So I'll just have to say that I think there were three shots, and that I had a reaction to three shots. And - that's just what I

believe.

John Connally: Beyond any question, and I'll never change my opinion, the first bullet did not hit me. The second bullet did hit me. The third bullet did not hit me.

Now, so far as I'm concerned, all I can say with any finality is that if there is - if the single-bullet theory is correct, then it had to be the second bullet that hit President Kennedy and me.

(14) Walter Cronkite, The Warren Report: Part 2, CBS Television (26th June, 1967)

The Warren Report's contention that there was only one assassin rests on the conviction that all the wounds suffered by both men were inflicted by no more than three shots, fired from behind and above them. We have heard Captain Humes, as well as other doctors and experts. We have looked hard at the single-bullet theory. The case is a strong one.
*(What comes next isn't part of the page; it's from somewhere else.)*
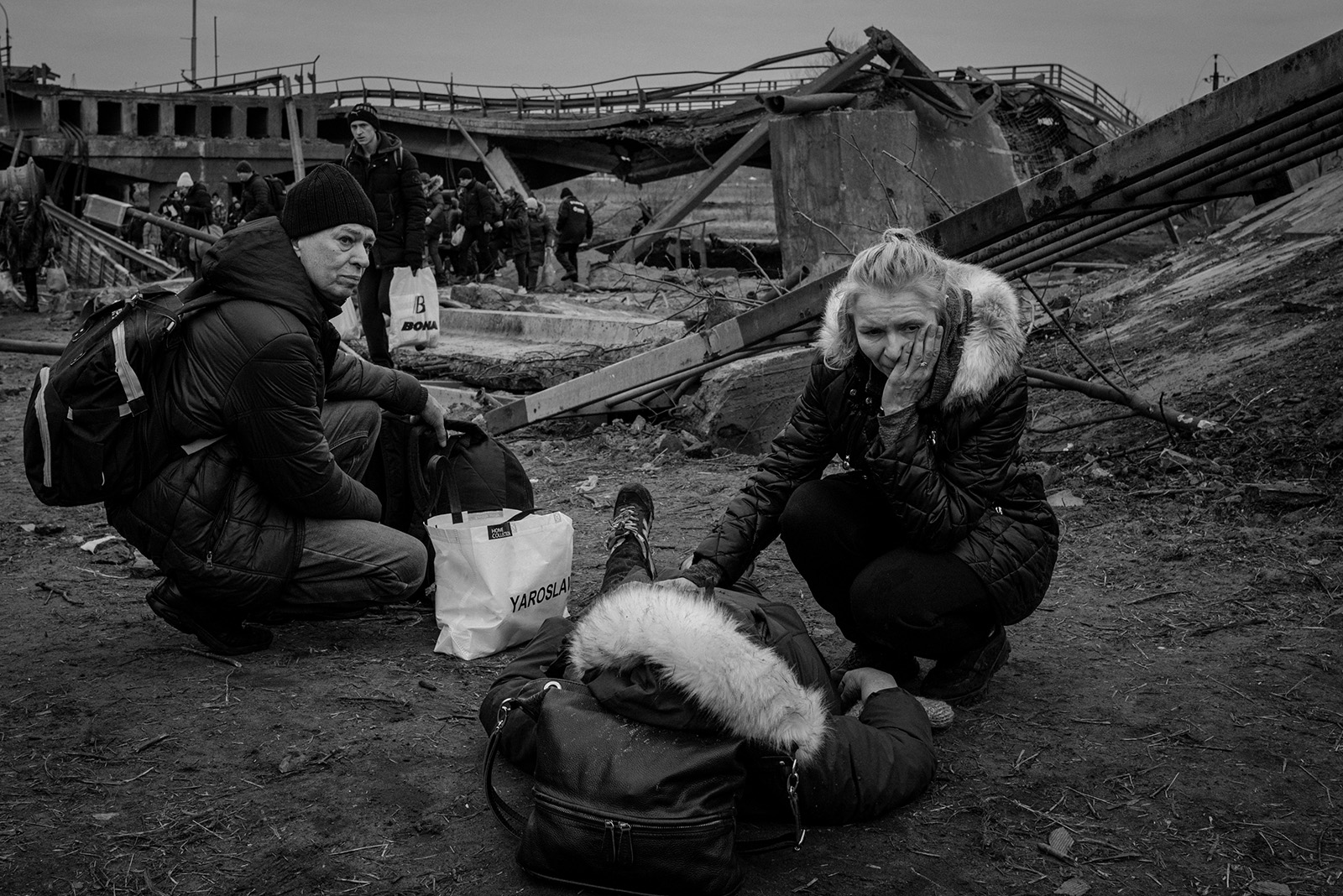 Женщина плачет над родственником, вместе с которым они пытаются покинуть Ирпень, 7 марта 2022 года. Фото: Nicole Tung

There is not a single item of hard evidence for a second assassin. No wound that can be attributed to him. No one who saw him, although he would have been in full view of a crowded plaza. No bullets. No cartridge cases. Nothing tangible.

(15) The Warren Report: Part 2, CBS Television (27th June, 1967)

Walter Cronkite: Why was Officer Tippit in Oak Cliff off his normal beat? Those who believe there was a conspiracy involving the Dallas police force have maintained that the meeting between Oswald and Tippit was not an accident, that Tippit may have been looking for Oswald or vice versa. They say Tippit should not have been where he was and should not have been alone in the squad car. Eddie Barker talked to police radio dispatcher, Murray Jackson:

Eddie Barker: Officer Jackson, a lot of critics of the Warren Report have made quite a thing out of the fact that Officer Tippit was not in his district when he was killed. Could you tell us how he happened to be out of his district?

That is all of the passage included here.